When we have carried out the last step in the data import, to the right of the open button we had another option, which is to “transform the data”; An option that Power Bi offers us in the data import mode to be able to shape the imported data and make some changes before modeling the data and making the reports.

 

With the transformation of the data, Power Bi offers us the possibility of making some changes designed to give the appropriate format, a last review and change in some aspects so that the information that we will see in the reports later, is seen with the desired format. . There are some changes that we can make in the columns, in the names of the columns, in the formats of the cells of each column, for example, you transform text into a number, format a column with date and time information, for example.

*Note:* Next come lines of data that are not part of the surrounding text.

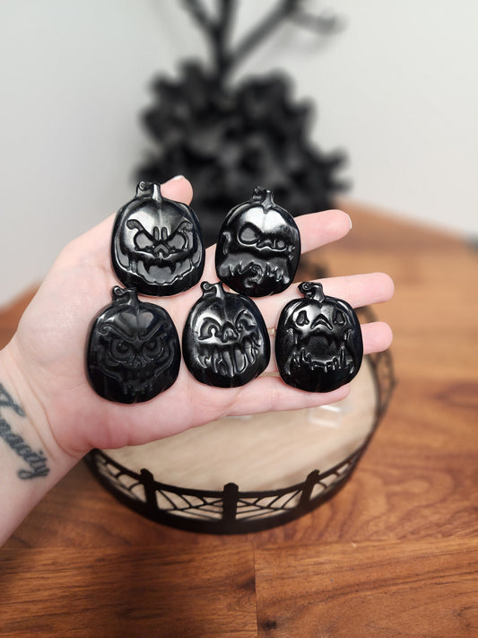 Scary Pumpkin Face Crystals | Black Obsidian Flat Stones with Spooky Season Emoji Expressions | Jack-O’Lantern Goth Gifts for Boo Baskets
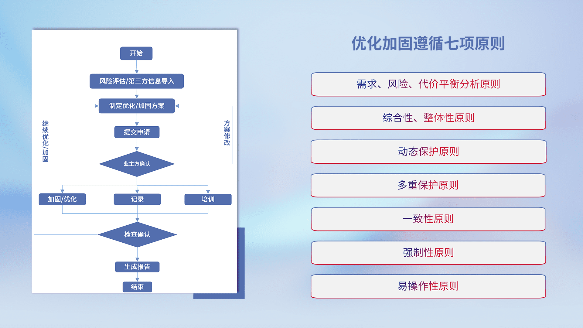 最大程度利用现有资产,,,对评估发现的问题进行封堵与整改,,,,防止漏洞被利用,,,提升整体网络安全性,,,,为客户带来高标准的优化加固服务。。
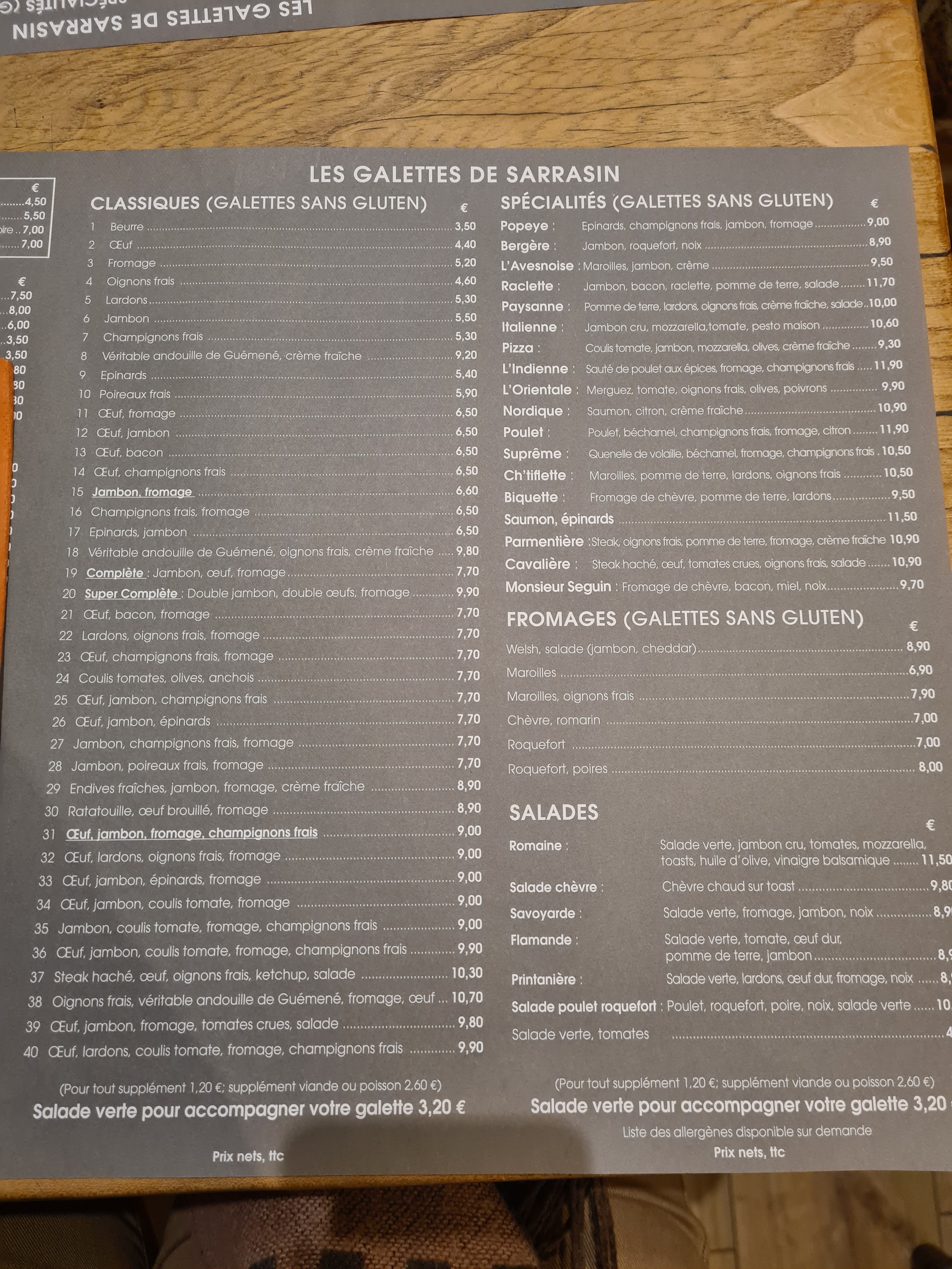 Les galettes n’en sont pas de véritable. La cuisson laisse à désirer. Pas de beurre salé utilisé pour la cuisson. Les cidres viennent de grandes surfaces. Pleins de galettes au choix mais aucunes n’en vaux les détours. A éviter pour les amateurs de galettes

Even importing, for example, an entire document, an Excel file with all its sheets, we can choose in each case which sheet or sheets of our old Excel we want to work with, and in the case of a specific Excel sheet,

 

This step, that of transforming the data into Power Bi, is a necessary step before carrying out modeling and reporting, and we will explain it to you later in detail.

 

As we have explained, Excel and Power Bi are tools that in some aspects have similar characteristics. However, we must understand that above all, they are complementary tools that can and should coexist in a work environment when working with data, making reports, and above all analyzing data are among our job duties.

 

Your reports, data and information that you save in Excel documents, can be molded and modeled in Power Bi to shape and build visual reports that, above any adjective that we can put, the professional predominates. Professional reports that you can share and use for your own benefit to carry out situation analysis, and that you can use to filter the information or display it in the desired way.

 

Power Bi is a Business Intelligence tool as we have explained. Its use and management can help you make a name for yourself in the world of work, in analytical work environments. In a world where we handle more and more data, tools like Power Bi, capable of processing and shaping data in an intuitive and professional way, will help you make a difference. If we are already working with numbers, surely Power Bi will open the doors to be a more productive person in the preparation of reports and analysis.

 

Automation is and should be an aspect to give priority when working with data to avoid errors and be more productive and efficient. In a world where we are half taught to handle the basics of tools like Excel, knowledge and management of tools like Power Bi will undoubtedly help us in that sense to raise the level, make a difference, be more productive, efficient. To be, in short, a data professional, more professional.